Need guidance in integrating Custom Unreal Avatars with Convai via Pixel Streaming

Hi Convai team,

We’re currently integrating a custom avatar pipeline using Unreal Engine, and we’re planning to utilize Pixel Streaming to display our AI avatar on a frontend web application.

Here’s a quick summary of our setup and the questions we have:

:wrench: Our Setup

  • Avatar is built in Unreal Engine and deployed via Convai.
  • We require audio-visual synchronization between the avatar’s animation and AI-generated speech.
  • The frontend application needs to stream the avatar (real-time), preferably via Unreal Pixel Streaming.

:red_question_mark:Key Questions

  1. What is the recommended method to stream a Convai-deployed avatar (with synced audio and animation) to a React or Vite frontend?

    • Should we host the Unreal client locally and use Pixel Streaming directly?
    • Or should we rely entirely on Convai’s streaming endpoint if the avatar is hosted on your infrastructure?
  2. Can we upload our own custom avatars (e.g., .glb files or MetaHuman models) directly into Convai’s system for use with their AI models and animation pipeline?

    • If so, what’s the best practice for deployment—via Convai or Unreal Engine?
  3. What are the necessary components or services required to deploy Pixel Streaming in production from an Unreal project that uses Convai?

    • Signal server setup, media servers, firewall rules, etc.
    • Is there a reference deployment architecture you recommend?
  4. For real-time syncing of voice and facial animation, does Convai handle both audio synthesis and animation control, or do we need to separately trigger animation sequences inside Unreal based on TTS input?

  5. What’s the best way to integrate user input (e.g., text or microphone input from the browser) into the streaming avatar’s conversational loop?

    • Any sample integrations or frontend SDKs available?
  6. Are there any bandwidth, latency, or GPU requirements we should plan for when using Convai + Unreal Pixel Streaming at scale?

  7. Is there a roadmap for supporting other streaming technologies (e.g., WebRTC directly without Unreal client dependency) for rendering avatars?

  8. We need the User’s input (whatever user talking with avatar ) to send to the backend server to process further. Is this possible if our server is hosted on Convai’s server or Unreal Client hosted on cloud? If yes, please guide us in right direction.

Looking forward to your guidance or any relevant documentation or code samples.

Thanks in advance!
— Shubham

Hello @Shubham_Vaidya,

Welcome to the Convai Developer Forum!

Thanks for reaching out and for providing such a detailed overview of your setup and questions!

Here are some clarifications:

  1. You are free to use your own Pixel Streaming setup. If you’d prefer to use Convai’s infrastructure, please schedule a call with our sales team: https://calendly.com/convai-intro/hi

  2. Yes, you will soon be able to upload custom avatars directly into Avatar Studio. This feature is currently in development and will be released shortly.

  3. If you host Pixel Streaming yourself, Unreal Engine’s general documentation and architecture will apply. Convai handles the backend if you use our streaming solution.

  4. Audio and facial animation synchronization is handled automatically by Convai’s SDK. You do not need to trigger animations manually.

  5. If you’re using our Unreal Engine SDK, we’ve already taken care of this part.

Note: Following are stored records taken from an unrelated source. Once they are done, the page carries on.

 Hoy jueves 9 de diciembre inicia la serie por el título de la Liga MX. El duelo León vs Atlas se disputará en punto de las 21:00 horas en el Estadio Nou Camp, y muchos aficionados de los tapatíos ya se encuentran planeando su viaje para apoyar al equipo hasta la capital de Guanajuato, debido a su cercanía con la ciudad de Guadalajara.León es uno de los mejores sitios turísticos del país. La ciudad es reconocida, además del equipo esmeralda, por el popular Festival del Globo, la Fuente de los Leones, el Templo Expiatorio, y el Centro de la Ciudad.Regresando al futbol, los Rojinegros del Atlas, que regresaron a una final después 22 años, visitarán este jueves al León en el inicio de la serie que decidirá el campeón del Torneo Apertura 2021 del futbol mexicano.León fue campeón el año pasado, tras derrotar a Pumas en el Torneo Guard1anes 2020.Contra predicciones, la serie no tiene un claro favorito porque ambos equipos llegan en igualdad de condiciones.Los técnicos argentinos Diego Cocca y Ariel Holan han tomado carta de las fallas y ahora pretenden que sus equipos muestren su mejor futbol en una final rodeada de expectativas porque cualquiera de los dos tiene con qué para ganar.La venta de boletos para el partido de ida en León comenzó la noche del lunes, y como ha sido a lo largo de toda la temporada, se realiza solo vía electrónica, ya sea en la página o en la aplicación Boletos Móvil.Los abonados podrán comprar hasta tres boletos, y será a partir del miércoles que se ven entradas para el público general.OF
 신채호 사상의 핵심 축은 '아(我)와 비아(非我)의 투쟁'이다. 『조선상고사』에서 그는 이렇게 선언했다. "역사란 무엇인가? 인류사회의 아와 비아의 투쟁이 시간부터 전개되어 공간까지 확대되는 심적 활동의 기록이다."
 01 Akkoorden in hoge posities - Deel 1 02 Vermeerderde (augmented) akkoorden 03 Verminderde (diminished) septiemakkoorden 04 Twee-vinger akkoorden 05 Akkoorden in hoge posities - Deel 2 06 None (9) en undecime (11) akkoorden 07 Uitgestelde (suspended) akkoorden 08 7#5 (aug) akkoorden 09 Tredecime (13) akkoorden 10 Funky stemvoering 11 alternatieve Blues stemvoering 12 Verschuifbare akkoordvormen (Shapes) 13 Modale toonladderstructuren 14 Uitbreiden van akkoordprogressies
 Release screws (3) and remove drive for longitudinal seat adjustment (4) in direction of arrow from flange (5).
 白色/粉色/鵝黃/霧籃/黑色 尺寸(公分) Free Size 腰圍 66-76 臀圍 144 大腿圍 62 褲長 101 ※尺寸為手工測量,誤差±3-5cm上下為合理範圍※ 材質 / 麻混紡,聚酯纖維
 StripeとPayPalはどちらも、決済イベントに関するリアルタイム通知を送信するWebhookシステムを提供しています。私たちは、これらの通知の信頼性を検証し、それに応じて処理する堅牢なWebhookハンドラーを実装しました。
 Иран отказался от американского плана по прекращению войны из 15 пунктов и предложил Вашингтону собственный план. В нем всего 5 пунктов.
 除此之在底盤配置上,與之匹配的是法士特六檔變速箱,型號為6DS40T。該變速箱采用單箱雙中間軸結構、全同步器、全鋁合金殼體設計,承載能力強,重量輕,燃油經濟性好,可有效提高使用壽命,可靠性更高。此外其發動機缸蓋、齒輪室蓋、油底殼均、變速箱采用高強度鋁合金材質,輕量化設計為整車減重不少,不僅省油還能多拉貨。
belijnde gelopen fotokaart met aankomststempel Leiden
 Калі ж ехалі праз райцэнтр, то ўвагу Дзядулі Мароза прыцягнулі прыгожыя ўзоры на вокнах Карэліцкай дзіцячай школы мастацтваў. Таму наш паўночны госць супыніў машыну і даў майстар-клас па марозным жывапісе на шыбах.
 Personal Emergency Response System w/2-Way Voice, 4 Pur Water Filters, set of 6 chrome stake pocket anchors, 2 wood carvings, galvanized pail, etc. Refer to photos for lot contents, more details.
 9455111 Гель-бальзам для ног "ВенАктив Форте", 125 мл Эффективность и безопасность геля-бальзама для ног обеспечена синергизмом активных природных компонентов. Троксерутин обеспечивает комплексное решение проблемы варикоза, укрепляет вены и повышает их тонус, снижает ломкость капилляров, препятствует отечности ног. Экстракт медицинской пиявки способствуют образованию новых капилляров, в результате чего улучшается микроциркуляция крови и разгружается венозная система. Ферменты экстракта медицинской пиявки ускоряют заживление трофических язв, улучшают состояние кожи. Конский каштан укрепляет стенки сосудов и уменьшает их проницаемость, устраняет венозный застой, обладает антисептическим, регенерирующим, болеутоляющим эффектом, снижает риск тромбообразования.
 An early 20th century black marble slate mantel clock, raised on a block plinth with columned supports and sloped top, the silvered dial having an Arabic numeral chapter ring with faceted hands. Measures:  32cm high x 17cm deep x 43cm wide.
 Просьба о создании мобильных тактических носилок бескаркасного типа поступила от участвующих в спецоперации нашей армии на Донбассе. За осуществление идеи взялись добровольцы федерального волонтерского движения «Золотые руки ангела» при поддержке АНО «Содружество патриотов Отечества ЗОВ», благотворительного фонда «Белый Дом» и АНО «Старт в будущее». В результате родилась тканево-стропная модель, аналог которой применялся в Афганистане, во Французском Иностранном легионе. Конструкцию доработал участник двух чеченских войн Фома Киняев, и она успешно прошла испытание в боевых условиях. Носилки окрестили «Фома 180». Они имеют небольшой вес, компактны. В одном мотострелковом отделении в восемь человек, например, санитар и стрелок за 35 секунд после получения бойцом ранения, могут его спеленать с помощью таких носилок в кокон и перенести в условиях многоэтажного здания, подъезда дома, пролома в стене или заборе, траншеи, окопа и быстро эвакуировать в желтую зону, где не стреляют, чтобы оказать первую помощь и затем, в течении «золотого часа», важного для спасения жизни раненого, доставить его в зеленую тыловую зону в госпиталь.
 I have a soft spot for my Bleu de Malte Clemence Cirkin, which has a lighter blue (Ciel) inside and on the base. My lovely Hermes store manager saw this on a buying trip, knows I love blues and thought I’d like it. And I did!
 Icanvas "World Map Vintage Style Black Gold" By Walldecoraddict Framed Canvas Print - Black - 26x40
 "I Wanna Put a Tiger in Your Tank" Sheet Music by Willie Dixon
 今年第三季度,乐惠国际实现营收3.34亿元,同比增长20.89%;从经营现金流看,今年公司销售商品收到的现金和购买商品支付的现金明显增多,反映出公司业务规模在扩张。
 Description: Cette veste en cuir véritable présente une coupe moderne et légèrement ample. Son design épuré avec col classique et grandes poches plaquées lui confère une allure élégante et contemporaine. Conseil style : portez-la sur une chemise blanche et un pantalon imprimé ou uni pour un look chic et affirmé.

  6. Performance requirements will vary depending on your specific deployment and scale.

  7. I don’t understand this question.

  8. Yes, it is possible.


To summarize, for a streamlined setup we highly recommend exploring Avatar Studio and Embed Experience. These allow you to get started within minutes and offer extensive customization options for your character and experience.

If you’re interested in learning more or tailoring a solution to your specific project needs, feel free to schedule a call with our sales team here:
https://calendly.com/convai-intro/hi

You can also watch our overview video on the Embed Experience:
https://youtu.be/8myRcmAe-6o

If you prefer to manage your own Pixel Streaming infrastructure, that is entirely up to you. However, please note that we do not provide technical support for third-party Pixel Streaming deployments. For guidance, we recommend referring to external Unreal Engine resources.

Convai-specific integration details for Pixel Streaming are available here:
https://docs.convai.com/api-docs/plugins-and-integrations/unreal-engine/guides/integration-with-pixel-streaming

Lastly, features like emotion handling, lipsync, and user inputs are fully supported by the Convai Unreal SDK by default, no extra configuration is required.

Let us know if you need any further assistance!